== Exercise objective ==
Write out the full listing exactly as given, minus the images.

== Available data ==

-- -- --

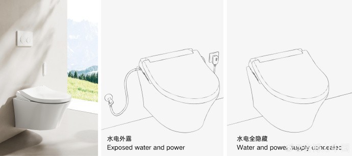 以吉博力Nuna V Combo一体式智能挂厕为例,其水电全隐藏的设计更加简约,也不用担心幼童、毛孩子扒拉外露的电源插座,进一步减少安全隐患。
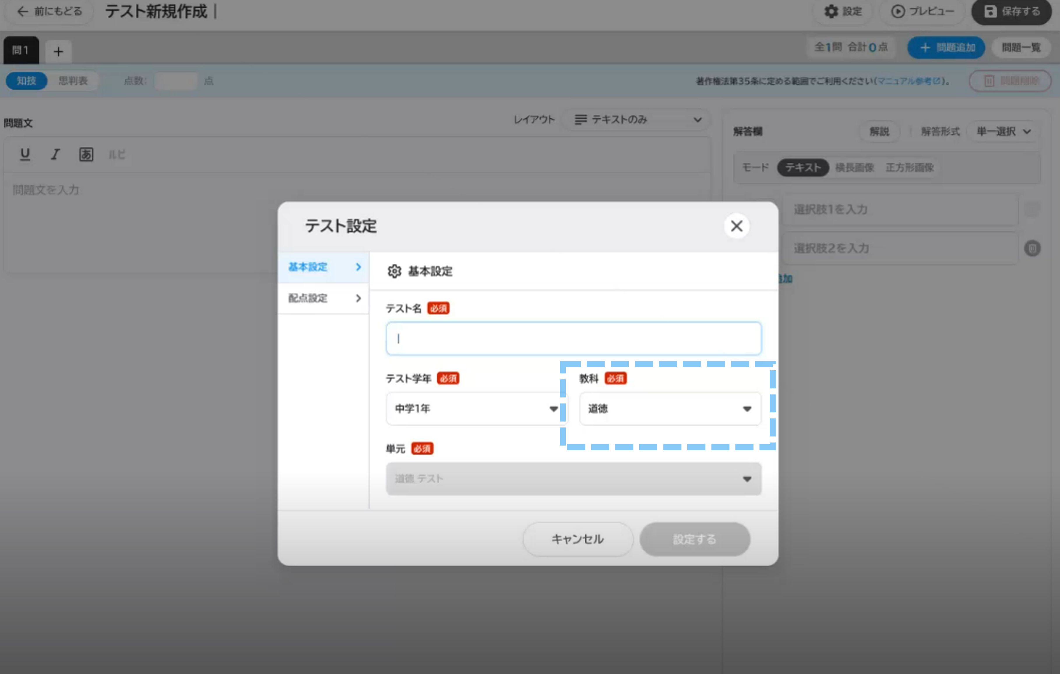 カスタムテスト作成機能について、実技教科や道徳、総合的な学習の時間など、5教科以外の教科でもテストの作成・配信が可能になります。
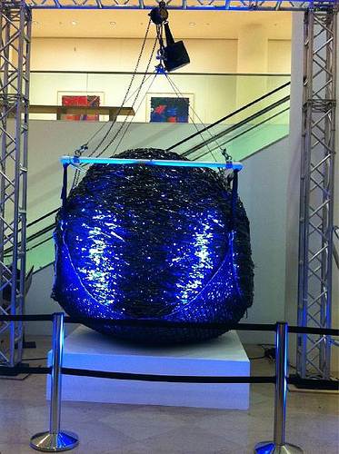 Размеры творения действительно поражают, особенно если учесть тот факт, что материалов для его изготовления послужила обычная магнитная лента, которая использовалась в кассетах для видеомагнитофонов и музыкальных проигрывателей. Предварительный проект разрабатывали инженеры и студенты, которые на протяжении трех недель производили необходимые расчеты, чтобы в дальнейшем добиться желаемых результатов. Только на первый взгляд, кажется, что создать шар из магнитной ленты очень просто. На самом деле, если допустить малейшую ошибку, он рассыпается и все приходится начинать заново.

-- -- --

== Your solution ==
 以吉博力Nuna V Combo一体式智能挂厕为例,其水电全隐藏的设计更加简约,也不用担心幼童、毛孩子扒拉外露的电源插座,进一步减少安全隐患。
 カスタムテスト作成機能について、実技教科や道徳、総合的な学習の時間など、5教科以外の教科でもテストの作成・配信が可能になります。
 Размеры творения действительно поражают, особенно если учесть тот факт, что материалов для его изготовления послужила обычная магнитная лента, которая использовалась в кассетах для видеомагнитофонов и музыкальных проигрывателей. Предварительный проект разрабатывали инженеры и студенты, которые на протяжении трех недель производили необходимые расчеты, чтобы в дальнейшем добиться желаемых результатов. Только на первый взгляд, кажется, что создать шар из магнитной ленты очень просто. На самом деле, если допустить малейшую ошибку, он рассыпается и все приходится начинать заново.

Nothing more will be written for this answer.